I will be honest, I came in trying to keep an open mind, but there were things that I’d rather not see… and we got most of those. However, I kept myself in a mindset that “I don’t want this, but if it feels earned then I can go along with it.” Sadly, I didn’t often feel that these moments were earned. Palpatine’s return can hardly be classed as earned because we got no answers how it was possible, while I also now feel that his return lessens Vader’s redemption and Anakin’s role as The Chosen One. I personally wanted Kylo Ren to remain as a villain and while I loved Ben Solo when we got him and the scene with his memory of Han bringing him back to the light, I thought that the moment leading to it (starting to turn because he felt his mother call out to him with her last breath) felt underwhelming, so it didn’t fully sit with me, while I was then disappointed that he was written to die as this felt too similar to Anakin and I would have preferred to see the alternative of him being required to go into exile to atone for his crimes. Reylo was something that I really couldn’t get behind and while I liked the idea of Rey having some attachment to Ben, the kiss at the end really didn’t feel like it had been earned either through the film or the entire trilogy. Personally I felt that Rey from Nowhere was a wonderful story for her as it was a great reminder that the Force belonged to everyone and that anyone could be the hero, rather than someone born into a powerful family. However, Abrams and Terrio decided that they had to write her into a Palpatine so that she had some arc in this movie, and I honestly didn’t think that it was earned. If they wanted an arc for her, I personally feel that it could have been the realisation that though her family were nobodies, the family that mattered was the one she had found in Resistance, leading to her still taking on the name Skywalker at the end to honour her teachers. This way she still gets an arc, but it doesn’t feel rushed and it gives you more time to focus on the rest of the story.

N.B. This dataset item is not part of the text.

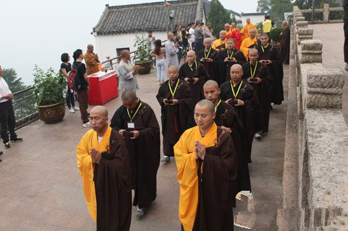 2015年5月23日(農歷四月初六),安徽九華山百歲宮傳授三壇大戒第十六天:供十師齋:請十師、供十師齋。上午十時,諸新戒于大雄...

Finally for this point, I was not a massive fan of Rose in The Last Jedi, but I was excited to see what she did in this movie. So imagine my shock when I find that she had gone from a key character in Episode VIII to having less than 2 minutes of screentime. Chris Terrio admitted that a lot of her scenes with Leia did not make it as they could not write something that felt right, but (as much as I love Dom Monaghan and enjoyed his character) was Beaumont Kin really needed? His role could have easily been spread over Rose and Connix, while Klaud’s spot on the Falcon at the start would have been a perfect opportunity to get Rose into the story more. Sadly, it now looks like the racists and other scum that hounded Kelly Marie Tran off of social media have been validated by the creators of this movie.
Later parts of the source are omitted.